自从1996年Kocher提出了研究操作时间的计时攻击以来[1],侧信道攻击及防御逐渐成为密码学的一个重要分支。有别于传统的暴力破解,或者针对密码理论的弱点进行研究,侧信道攻击分析密码算法物理实现过程中某些中间值泄露的信息,从而获取密钥。时间、电磁波、乃至声音等信息均可以作为攻击密码系统的侧信道信息,除此之外,能量消耗分析是侧信道攻击最有效的手段之一。在实际应用中,这些攻击通常会借助密码芯片,如微处理器、FPGA (Field-Programmable Gate Array)、ASIC (Application Specific Integrated Circuit)[2]等来实现。1999年,Kocher等人提出了能量分析攻击[3,4],这种攻击能够通过密码芯片执行过程中的瞬时能量消耗来获取中间值信息,从而推导出密钥。之后Chari等人于2002年提出了模板攻击[5]。模板攻击根据密码设备泄露的信息数据以及相关操作的特征来构建模板,寻找与获取的信息最匹配的模板,从而有效缩小密钥搜索空间。2004年,Brier等人提出了相关能量分析,这种攻击建立在差分能量分析的基础上,采用相关系数模型来恢复密钥[6]。

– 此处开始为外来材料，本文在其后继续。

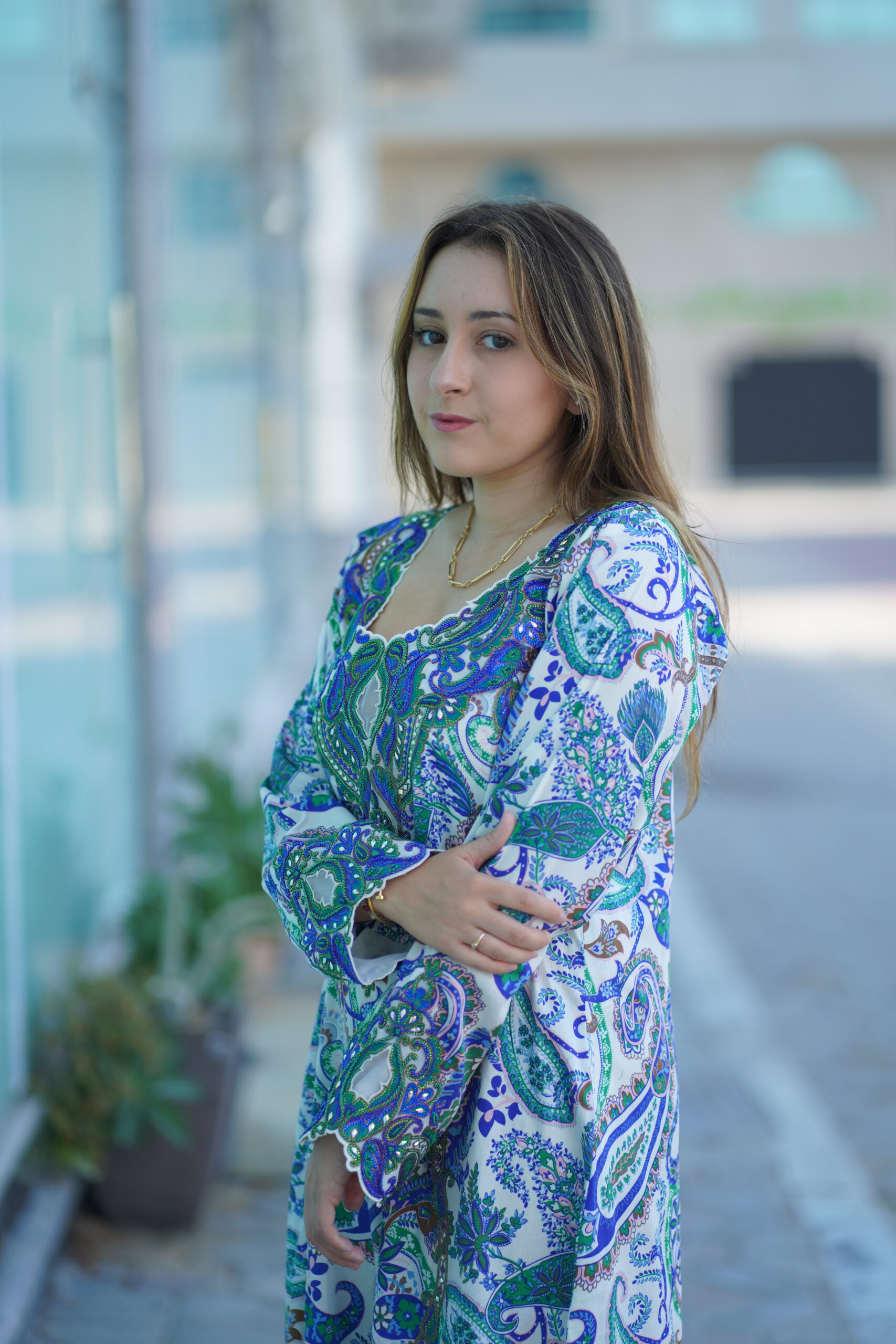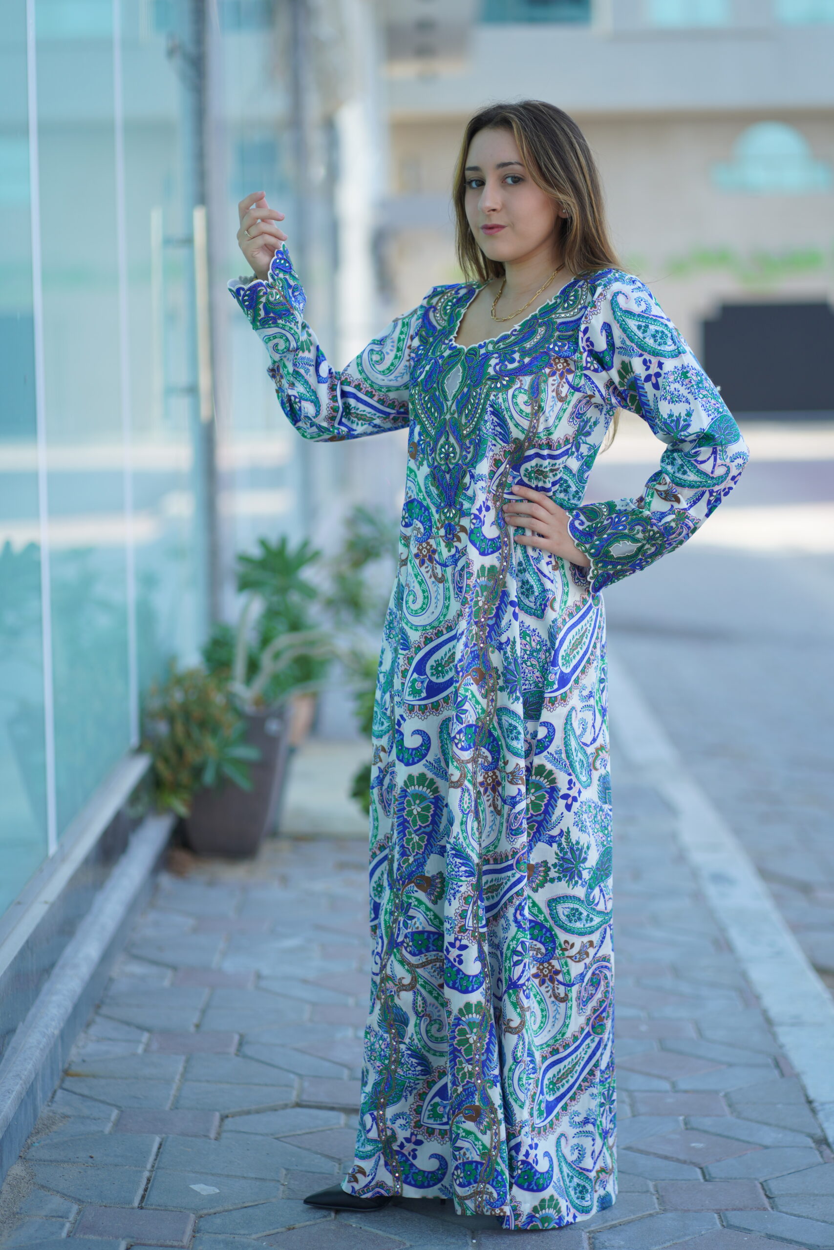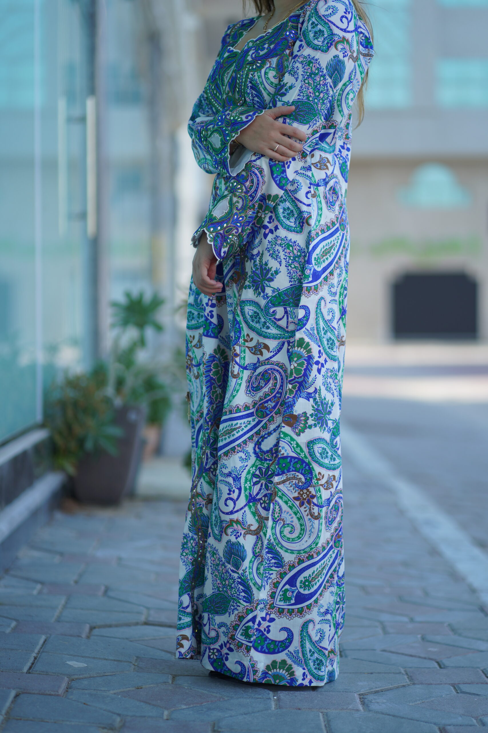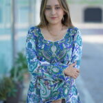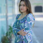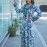 A graceful expression of traditional elegance, this flowing silhouette is adorned with intricate paisley-inspired floral motifs in soothing shades of blue, green, and white. The detailed all-over print brings a timeless charm, while the elegant cut ensures comfort and effortless sophistication. Perfect for everyday elegance, casual gatherings, or refined daytime wear.

本文重点研究针对分组密码算法的能量分析攻击,以AES(Advanced Encryption Standard)算法为例,提出了比现有攻击方法更为有效的容错线性碰撞攻击和基于二阶距离的比特碰撞攻击。并使用比特碰撞攻击改进容错线性碰撞攻击,进而得到容错比特碰撞攻击。最后针对几种经典算法的S盒结构,进行了相关能量分析、模板攻击、以及比特碰撞攻击的效率研究。
1.容错线性碰撞攻击
相关能量分析[6]和碰撞攻击都是常见的能量分析攻击方法。Bogdanov等人将相关能量分析与碰撞攻击结合,提出了测试链的概念[7],并指出这种方法的攻击效率高于独立的相关能量分析或碰撞攻击。然而,测试链攻击只能纠正相关能量分析部分出现的错误,对碰撞攻击部分出现的错误无能为力。换句话说,一旦在测试链的一条路径中出现错误,它将导致随后连续出现错误,乃至整条路径错误,造成攻击失败。并且由于实际上碰撞攻击的效率低于相关能量分析,这使得Bogdanov等人的方法可能不切实际。
我们以测试链思想为基础,提出了容错链的概念。以AES第一个密钥字节k1为例,容错链选取k1作为唯一的自由变量,即从k1出发,通过碰撞攻击构造k1与其它15个密钥字节之间的关系ki(?)ki=△1.i(2≤i≤16).(1)这15个关系式相互独立,因此如果一个关系式出错,其错误结果不会影响其它关系式。在攻击的具体实现中我们采用相关强化碰撞攻击构造容错链。
在容错线性碰撞攻击中,我们不仅构造一个容错链,同时还采用相关能量分析对密钥候选值进行排序,并给定一个阈值ThCPA’筛选出每个密钥字节的候选值集合。满足容错链关系式(1)且属于密钥候选集合的密钥,可以判定为正确密钥。由于除k1外的其它密钥字节互不影响,因此可以给定一个碰撞攻击部分的阈值ThCA’使得攻击成功返回的密钥可以包含至多ThCA个错误的字节。随后通过少量搜索能够找到正确的密钥。
我们通过仿真实验对容错线性碰撞攻击和测试链攻击进行了效率比对。实验结果表明,当两种攻击的成功率均在90%以上时,容错线性碰撞攻击所需能量迹数量少于测试链攻击。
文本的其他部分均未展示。